The following example is a hybrid query with two vector query strings and one text string. Weights are assigned to the vector queries. The first query is 0.5 or half the weight, reducing its importance in the request. The second vector query is twice as important.

POST https://[service-name].search.windows.net/indexes/[index-name]/docs/search?api-version=2024-07-01

    { 
      "vectorQueries": [ 
        { 
          "kind": "vector", 
          "vector": [1.0, 2.0, 3.0], 
          "fields": "my_first_vector_field", 
          "k": 10, 
          "weight": 0.5 
        },
        { 
          "kind": "vector", 
          "vector": [4.0, 5.0, 6.0], 
          "fields": "my_second_vector_field", 
          "k": 10, 
          "weight": 2.0
        } 
      ], 
      "search": "hello world" 
    }

Vector weighting applies to vectors only. The text query in this example, "hello world", has an implicit neutral weight of 1.0. However, in a hybrid query, you can increase or decrease the importance of text fields by setting maxTextRecallSize.

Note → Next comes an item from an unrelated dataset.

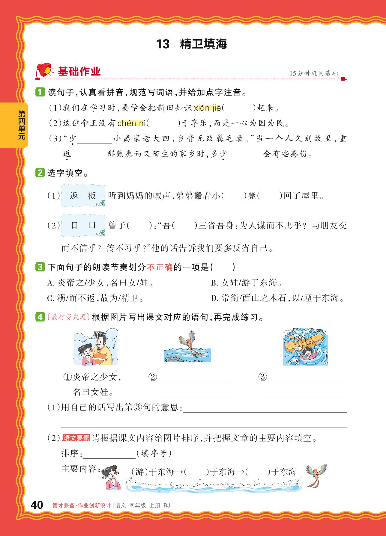 2024秋上册四年级语文人教版 第四单元 神话故事——13. 精卫填海

Set thresholds to exclude low-scoring results (preview)

Because nearest neighbor search always returns the requested k neighbors, it's possible to get multiple low-scoring matches as part of meeting the k number requirement on search results. To exclude low-scoring search results, you can add a threshold query parameter that filters out results based on a minimum score. Filtering occurs before fusing results from different recall sets.

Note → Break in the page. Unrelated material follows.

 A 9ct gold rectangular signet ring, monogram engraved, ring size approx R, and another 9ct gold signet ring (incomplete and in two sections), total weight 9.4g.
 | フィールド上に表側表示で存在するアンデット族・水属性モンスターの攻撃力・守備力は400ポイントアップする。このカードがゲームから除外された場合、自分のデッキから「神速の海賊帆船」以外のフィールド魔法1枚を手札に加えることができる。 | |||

This parameter is in preview. We recommend the 2024-05-01-preview REST API version.

In this example, all matches that score below 0.8 are excluded from vector search results, even if the number of results falls below k.

POST https://[service-name].search.windows.net/indexes/[index-name]/docs/search?api-version=2024-05-01-preview 
    Content-Type: application/json 
    api-key: [admin key] 

    { 
      "vectorQueries": [ 
        { 
          "kind": "vector", 
          "vector": [1.0, 2.0, 3.0], 
          "fields": "my-cosine-field", 
          "threshold": { 
            "kind": "vectorSimilarity", 
            "value": 0.8 
          } 
        }
      ]
    }

MaxTextSizeRecall for hybrid search (preview)

Vector queries are often used in hybrid constructs that include nonvector fields. If you discover that BM25-ranked results are over or under represented in a hybrid query results, you can set maxTextRecallSize to increase or decrease the BM25-ranked results provided for hybrid ranking.

You can only set this property in hybrid requests that include both search and vectorQueries components.